Input material section start
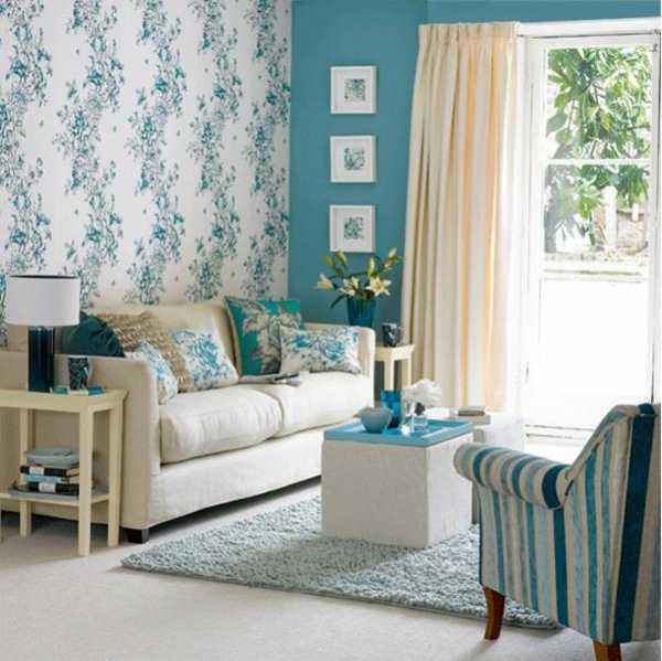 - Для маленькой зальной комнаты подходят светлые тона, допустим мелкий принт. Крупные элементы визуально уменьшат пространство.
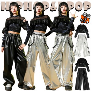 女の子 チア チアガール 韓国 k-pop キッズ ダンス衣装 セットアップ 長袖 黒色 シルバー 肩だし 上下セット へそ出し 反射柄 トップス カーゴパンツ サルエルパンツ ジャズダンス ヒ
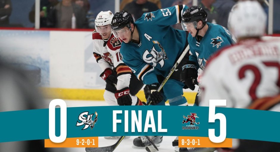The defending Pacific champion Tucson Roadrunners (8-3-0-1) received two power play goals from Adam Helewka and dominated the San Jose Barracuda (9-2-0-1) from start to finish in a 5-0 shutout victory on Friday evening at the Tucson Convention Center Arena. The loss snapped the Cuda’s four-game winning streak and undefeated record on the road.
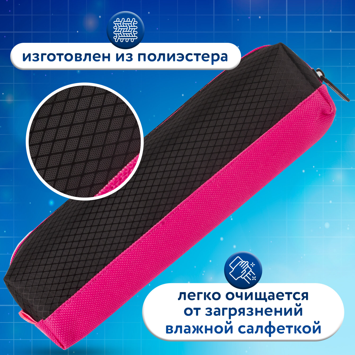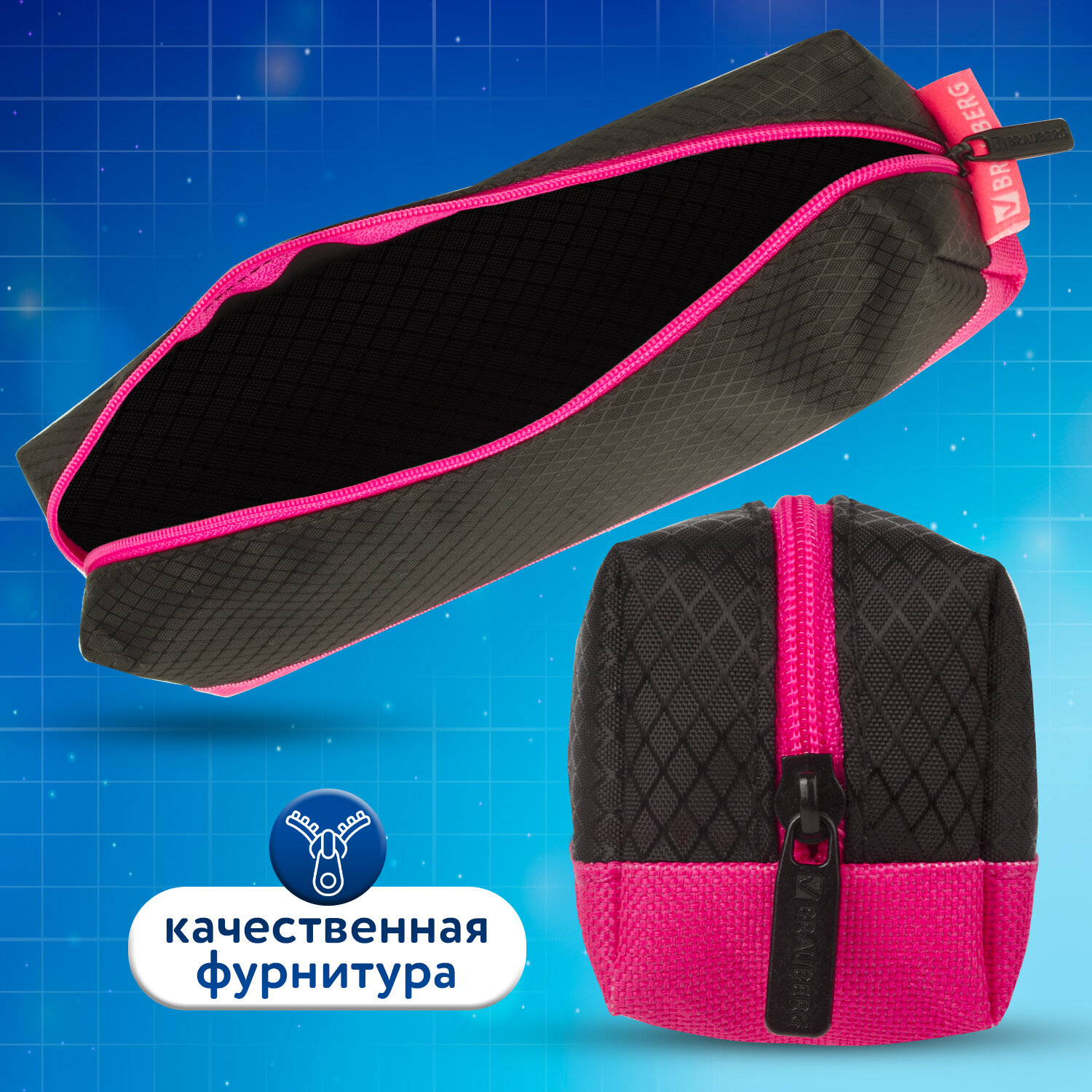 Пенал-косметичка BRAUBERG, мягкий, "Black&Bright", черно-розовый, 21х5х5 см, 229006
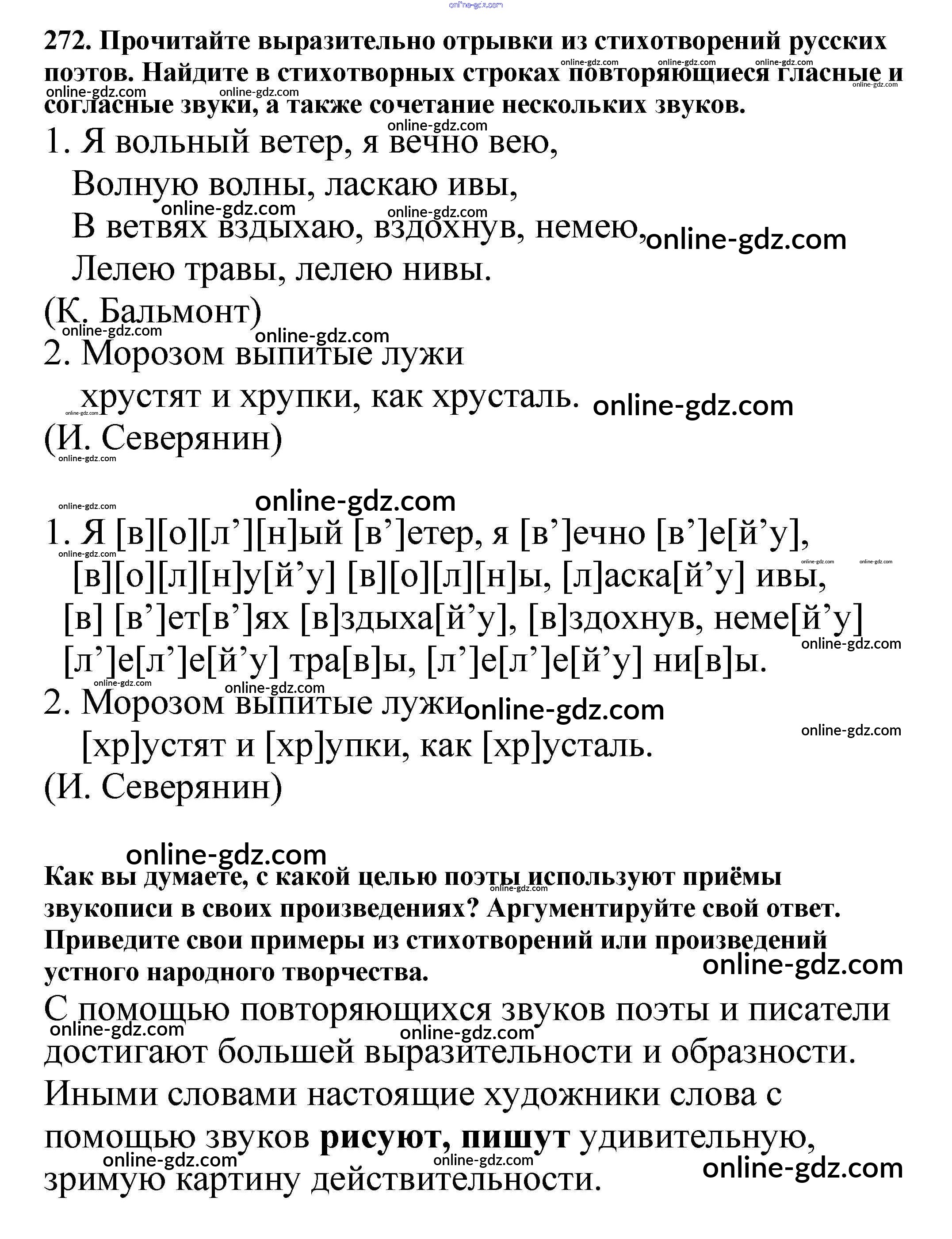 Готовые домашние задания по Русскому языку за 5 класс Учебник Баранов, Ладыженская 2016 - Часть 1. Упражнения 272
Input material section end
> **What to do**
Top to bottom, retype the listing exactly but drop every picture.

> **Exercise answer**
 - Для маленькой зальной комнаты подходят светлые тона, допустим мелкий принт. Крупные элементы визуально уменьшат пространство.
 女の子 チア チアガール 韓国 k-pop キッズ ダンス衣装 セットアップ 長袖 黒色 シルバー 肩だし 上下セット へそ出し 反射柄 トップス カーゴパンツ サルエルパンツ ジャズダンス ヒ
The defending Pacific champion Tucson Roadrunners (8-3-0-1) received two power play goals from Adam Helewka and dominated the San Jose Barracuda (9-2-0-1) from start to finish in a 5-0 shutout victory on Friday evening at the Tucson Convention Center Arena. The loss snapped the Cuda’s four-game winning streak and undefeated record on the road.
 Пенал-косметичка BRAUBERG, мягкий, "Black&Bright", черно-розовый, 21х5х5 см, 229006
 Готовые домашние задания по Русскому языку за 5 класс Учебник Баранов, Ладыженская 2016 - Часть 1. Упражнения 272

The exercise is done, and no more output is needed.